Background technology
In information retrieval and filtration art, text filtering is a study hotspot always.In domestic and foreign literature, there have been many employing diverse ways to realize text filtering at present.
In current text filtering method, mainly comprise the fuzzy clustering text filtering method based on genetic algorithm, the text filtering method that adopts improved sorting algorithm, the text filtering method that adopts adaptive learning filter algorithm and the text filtering method that only adopts body.Wherein, the fuzzy clustering method of employing based on genetic algorithm, to each individuality in population, carry out fuzzy similarity matrix direct clustering, then according to the result of cluster, adopt the fitness function proposing to assess the fitness of population, yet the precision that this text filtering method filters depends on the effect of cluster, for user's filtration needs, can not well express; Adopt the text filtering method of improved sorting algorithm to filter bad text message, from the angle of data Layer, improve traditional KNN algorithm, its shortcoming is to express accurate not to user's demand equally; Adopt the text filtering method of adaptive learning filter algorithm, can carry out adaptive learning by the mode of training set of stereotypes, can adjust filtering model, but its expression for user's filtration needs is accurate equally not; Only adopt the text filtering method of body, the precision of filtration depends on the foundation of body, if ontology library creates words not accurately, will greatly affect the precision of text filtering.
In sum, in the text filtering method of known prior art, exist user's demand is expressed not accurately or ontology library creates the problem that not accurately affects text filtering precision, be necessary to propose improved technological means therefore in fact, solve this problem
Summary of the invention
The deficiency existing for overcoming above-mentioned prior art, fundamental purpose of the present invention is to provide a kind of text filtering system and method, it not only can accurately express user's filtering model, and can when filtering, carry out autonomous learning, adjust the user filtering model that adopts body to express, and can dynamically adjust filtration threshold value, to reach better filter effect.

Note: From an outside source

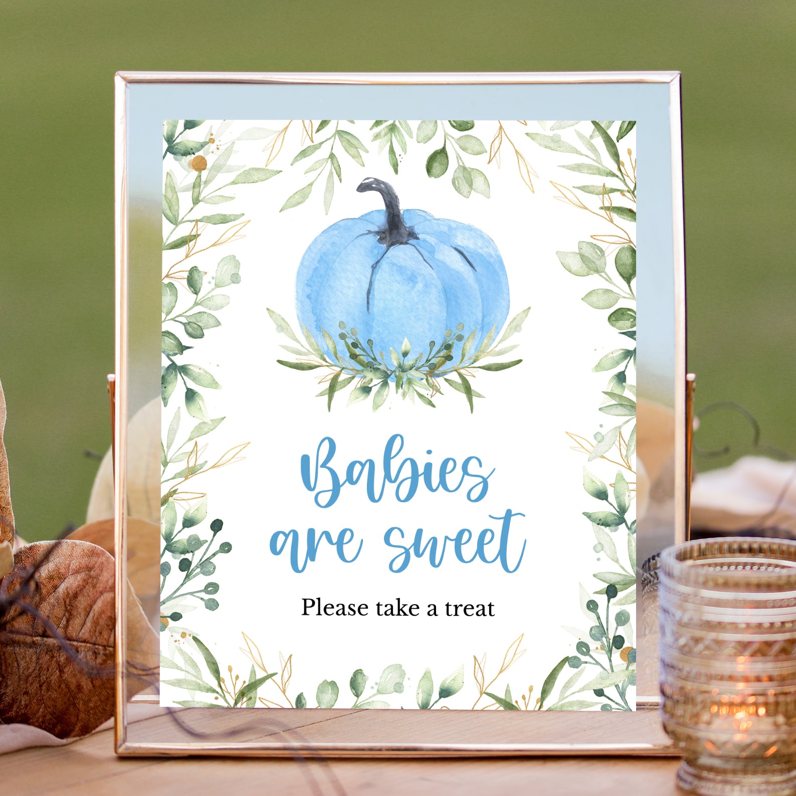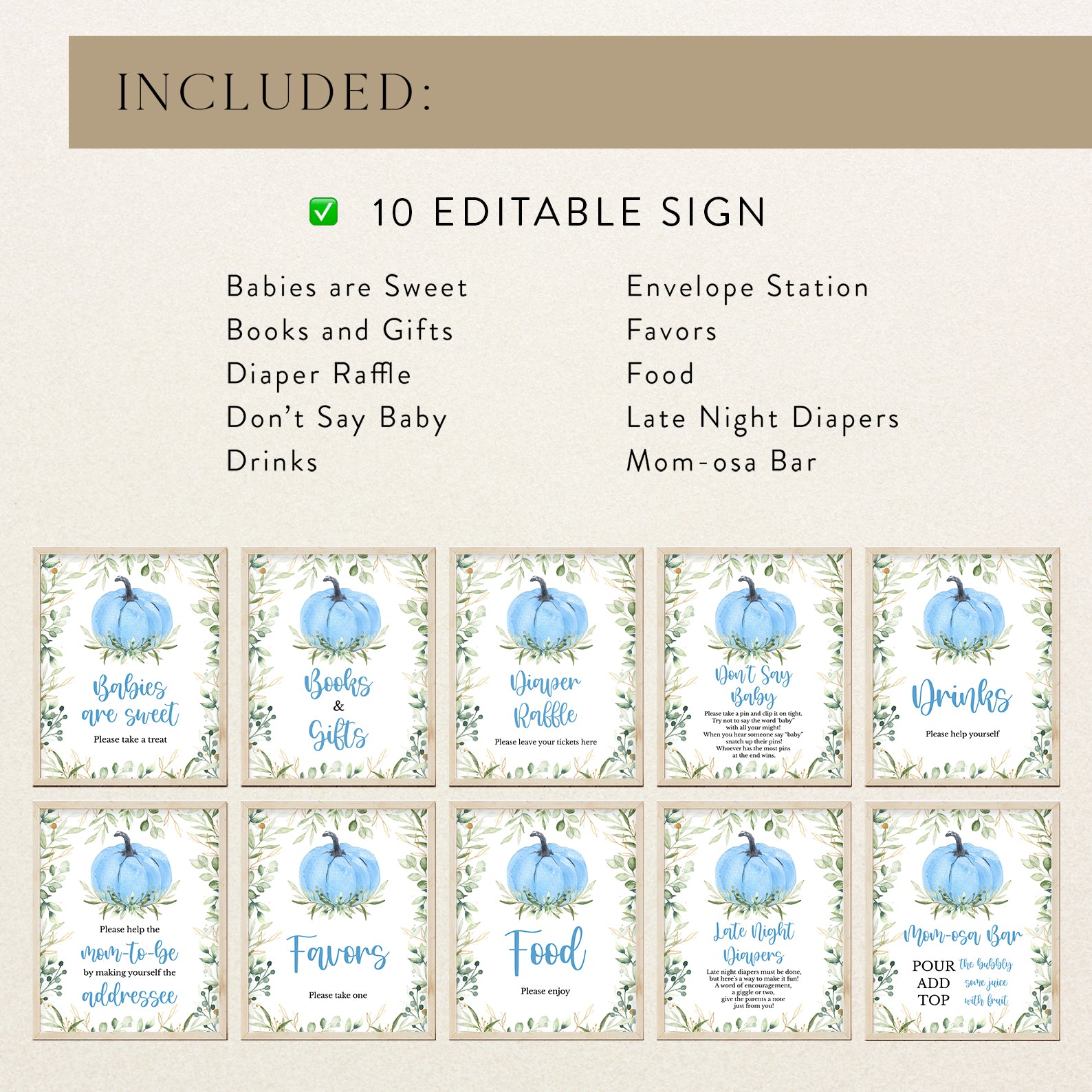 Add elegance to your fall baby shower with this set of ten editable table signs, featuring a soft blue pumpkin centerpiece and delicate green watercolor leaf accents. Each sign from “Babies Are Sweet” to “Mom-osa Bar” adds a cohesive, nature-inspired charm to your setup. Perfect for guiding guests around your event while enhancing your décor with cozy autumn hues and timeless woodland beauty.

For reaching above-mentioned and other object, the invention provides a kind of text filtering system, at least comprise:
Ontology library is set up module, for the filtration needs according to user, sets up ontology library;
Adaptive learning module, dynamically adjusts this ontology library is set up to the ontology library of module foundation by one group of filtration sample being carried out to training study, makes it move closer to the filtration needs in user; And
Text filtering module, by text to be filtered being carried out to pre-service, extracting after feature word set and similarity matching treatment, obtains the degree of correlation of this text to be filtered and body, and according to this degree of correlation, this text to be filtered is filtered.
Further, this ontology library is set up module and is at least comprised:
Module is determined in field, and for according to user's filtration needs, the field that the body that clearly will build covers and scope are to determine field and the scope of body;
Collection analysis module, for carry out the Collection and analysis of information in the related territory of body, defines the relation between Key Concepts and concept, and expresses with accurate term; And
Body frame is set up module, for setting up body frame according to collection analysis result.
Further, this body takes tlv triple Topic (C, P, S) to represent, wherein, C represents by the noun conceptual abstraction in filtration art out, to have the set of the concept class of same alike result and behavior structure; P describes the attribute of concept and relation; Structural relation between S representation class, as parent, subclass etc.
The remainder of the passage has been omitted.